Our wonderful host this month is Katherine Deane. I remember once I didn't take part- something specifically about domestic discipline- and she was bummed. So while I was unsure what I'd say at first, I got myself to buckled down and writing. Her topic is: The Vanilla Spouse: What happens when your significant other doesn’t share your fetish?
So I admit that I mess with a lot of Katherine's questions by the very fact of having lived as a polyamorous person from my teen years, even before I knew there was a word to describe a way of living other than the monogamy that I felt wasn't for me. I'm going to answer her questions thinking of my last polyamorous relationship that lasted more than a few weeks, more than "seeing if this will work."
A quick summary: I married a man who knew I identified as polyamorous and a BDSM submissive. He agreed to live with an open marriage that allowed me to meet my needs or for him to meet his needs in ways that worked for the both of us. So by fact of my reputation, I never had to have a "I want you to spank me" conversation with ex.
Interestingly the conversations we did have were about what needs we had that we could meet for each other. He didn't have a specific fetish identity although he found it interesting to see me engage in my interests. We also enjoyed a variety of each others' kinks- for instance, he would enjoy my exhibitionism while I'd enjoy him being the voyeur while I enjoyed sex with other women.
Early in the relationship with my ex, he had to walk me through the emotional issues of Tom (the dominant who was the first inspiration for The Queen in Vala's Story) deserting me; that isn't a story I want to tell here. Thankfully we met my Master at a goth club, although I already knew of Him by reputation.
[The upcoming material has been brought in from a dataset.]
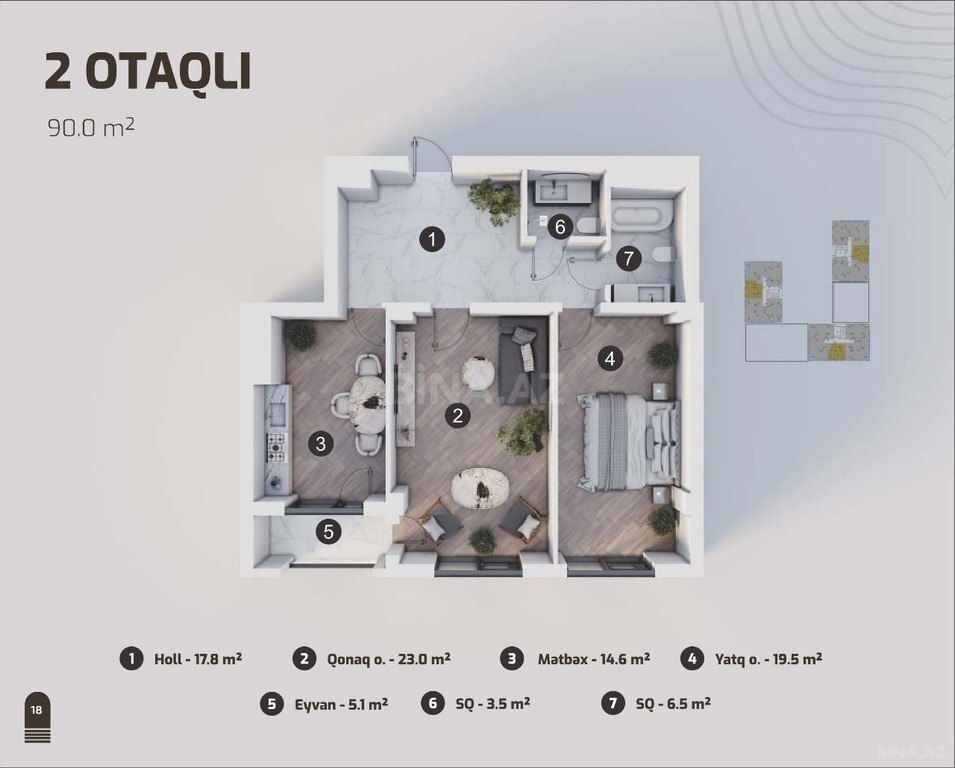 Marin qrup Mtk 2 otaq 90 kvm mənzilin görnüşü şəhərə di
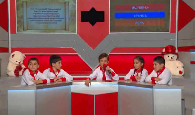 24 Oct, 2015The main goal of this telegame is intellectual education of the new generation considered as an instrument of national security. The young participants compete in their knowledge of native language, literature, history, geography, national traditions, and art of dancing. Each month a tour over one of the historical regions of Armenia is organized for the winners in order to better familiarize them with their country. The films created during the tours serve as an illustrative supplement to the show. Besides the sponsored prizes, the winning team receives the Grand Prize – 7-day tour to Western Armenia.

He gave me a few months of time to stop waiting for Tom to change his mind, but eventually His message of "shit or get off the pot" reached through my growing desperation around "Tom doesn't want me." It started off as vanilla sex. Then the day happened that I was riding Shaman, ex in the room watching, and in the middle of orgasm, I murmured, "Master." We were on our way to the collaring at that point.
Now I need to step back just a moment into those months. Part of my depression was the lack of my BDSM fetish needs not being met. Ex and I tried. We tried me acting as the Top and as the bottom to ex, not at the same time of course. Neither worked. I couldn't respect him as a dominant and I didn't gain anything more than a crass amusement as dominating him- so yes, for those who wonder, I'm not a switch, even if I can write them :D.
So to answer 2 of Katherine's questions, I understand what monogamy should be (happy, healthy, fidelous coupling), but I would never choose it for myself. It has never been at all a positive experience the few times I've tried it. However, if someone is monogamous or if they decide to break the agreed upon boundaries for their polyamory (that failure to keep poly-agreements is part of why ex is an ex), I feel that is cheating. Considering my strong feelings about what cheating is and against the act itself, I wouldn't get involved with someone who is not open to my kinks from the very beginning if monogamy was expected. At the price of losing my virginity to rape at 13, I figured out quickly what I actually wanted, both sexually and in life in general. And while it has made me a "sexual outlaw"- to borrow Pat Califia's phrase- I refuse to disavow what I want sexually, even if in the face of current relationship struggles with my Master, He isn't meeting the needs He could meet.